> _What you should do_: Please reproduce the entries exactly, skipping each picture.

==== Material for the task ====

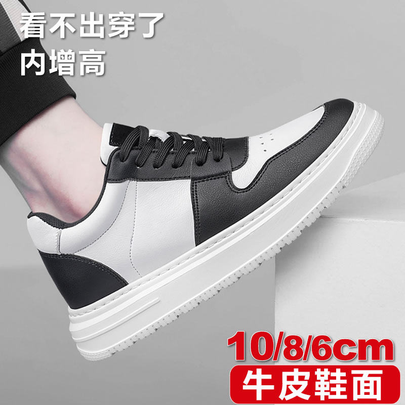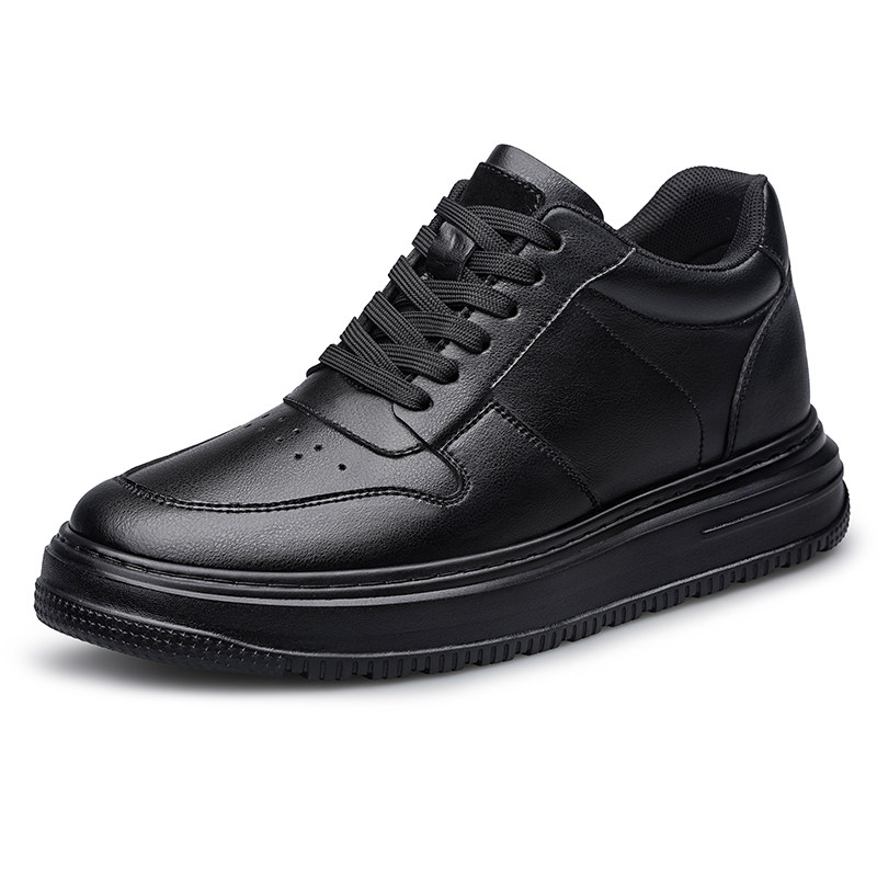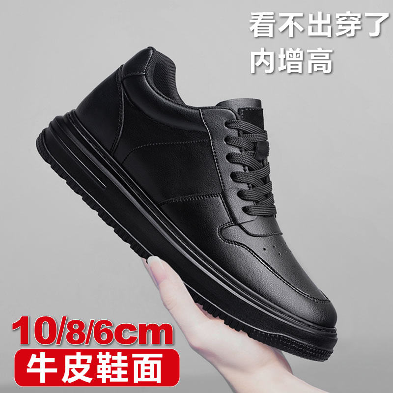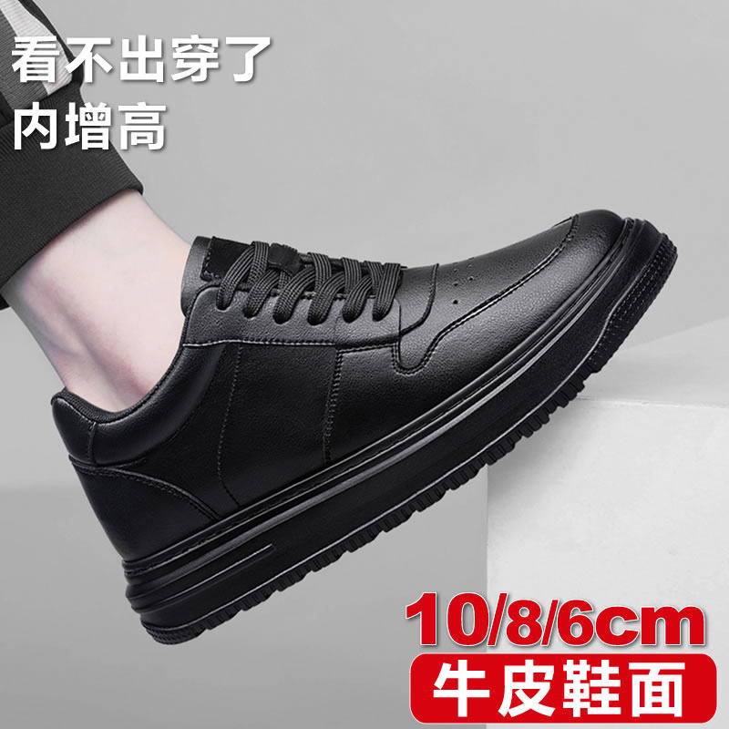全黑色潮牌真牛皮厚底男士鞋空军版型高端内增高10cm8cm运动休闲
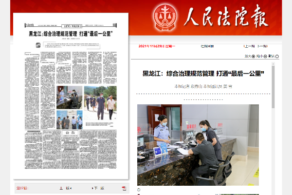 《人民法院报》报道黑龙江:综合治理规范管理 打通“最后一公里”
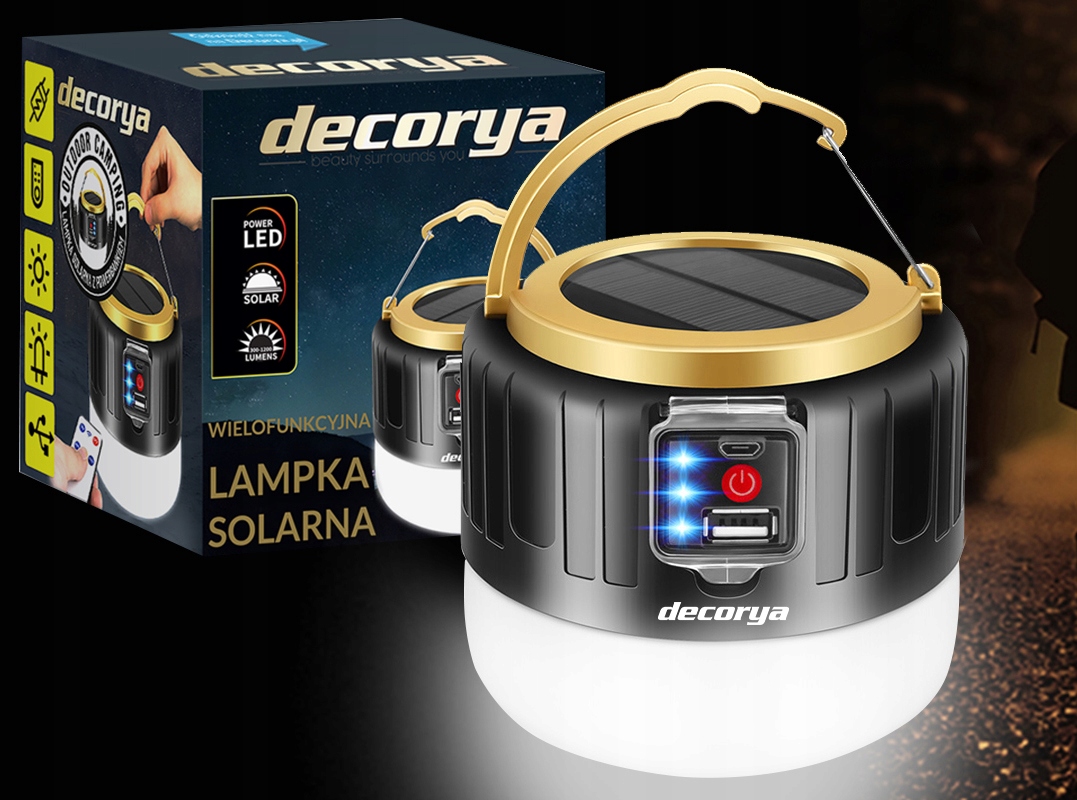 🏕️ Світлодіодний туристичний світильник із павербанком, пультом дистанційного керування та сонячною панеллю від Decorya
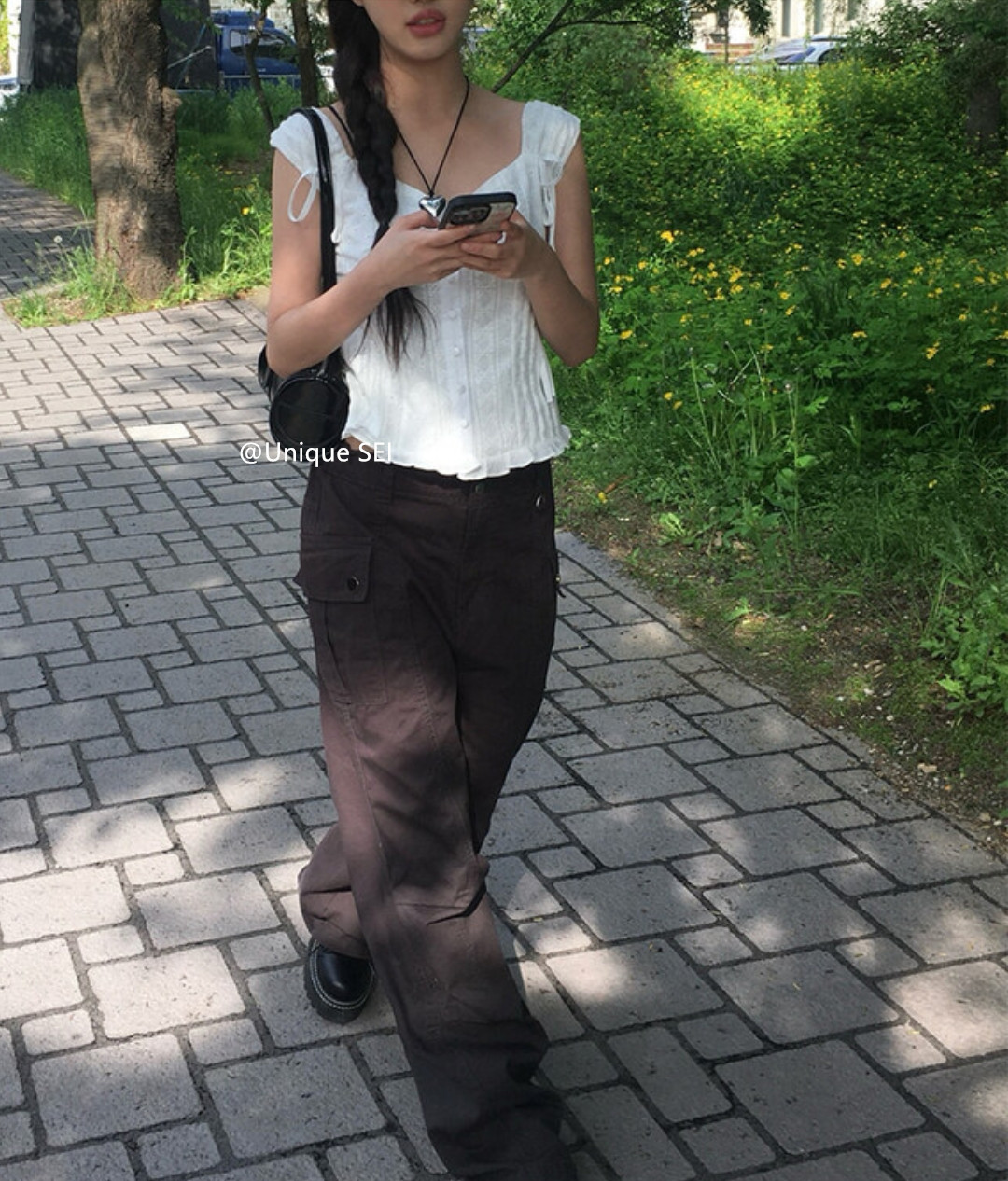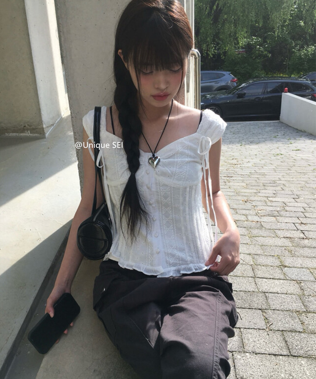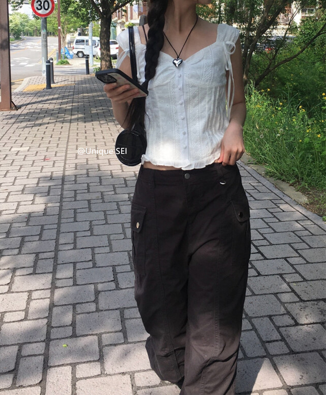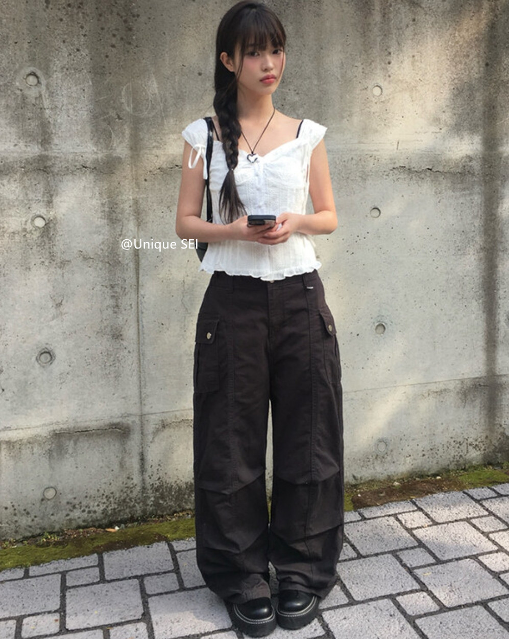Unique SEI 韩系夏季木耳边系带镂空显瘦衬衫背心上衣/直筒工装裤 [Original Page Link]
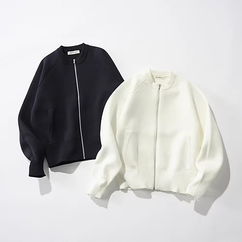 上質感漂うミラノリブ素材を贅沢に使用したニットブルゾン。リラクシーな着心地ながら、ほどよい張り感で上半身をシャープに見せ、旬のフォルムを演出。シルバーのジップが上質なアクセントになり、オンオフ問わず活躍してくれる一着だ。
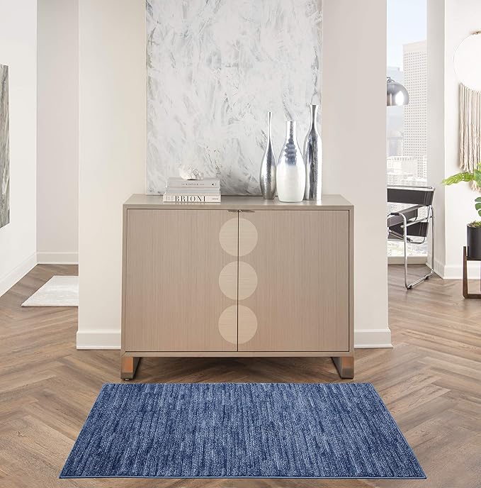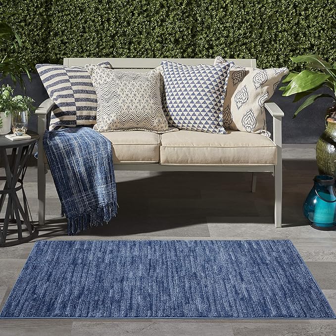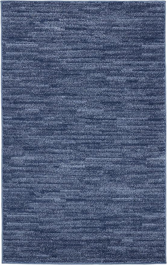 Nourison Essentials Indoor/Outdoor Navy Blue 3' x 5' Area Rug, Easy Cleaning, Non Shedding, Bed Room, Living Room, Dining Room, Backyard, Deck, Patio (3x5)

====

> _Written answer_:
全黑色潮牌真牛皮厚底男士鞋空军版型高端内增高10cm8cm运动休闲
 《人民法院报》报道黑龙江:综合治理规范管理 打通“最后一公里”
 🏕️ Світлодіодний туристичний світильник із павербанком, пультом дистанційного керування та сонячною панеллю від Decorya
Unique SEI 韩系夏季木耳边系带镂空显瘦衬衫背心上衣/直筒工装裤 [Original Page Link]
 上質感漂うミラノリブ素材を贅沢に使用したニットブルゾン。リラクシーな着心地ながら、ほどよい張り感で上半身をシャープに見せ、旬のフォルムを演出。シルバーのジップが上質なアクセントになり、オンオフ問わず活躍してくれる一着だ。
 Nourison Essentials Indoor/Outdoor Navy Blue 3' x 5' Area Rug, Easy Cleaning, Non Shedding, Bed Room, Living Room, Dining Room, Backyard, Deck, Patio (3x5)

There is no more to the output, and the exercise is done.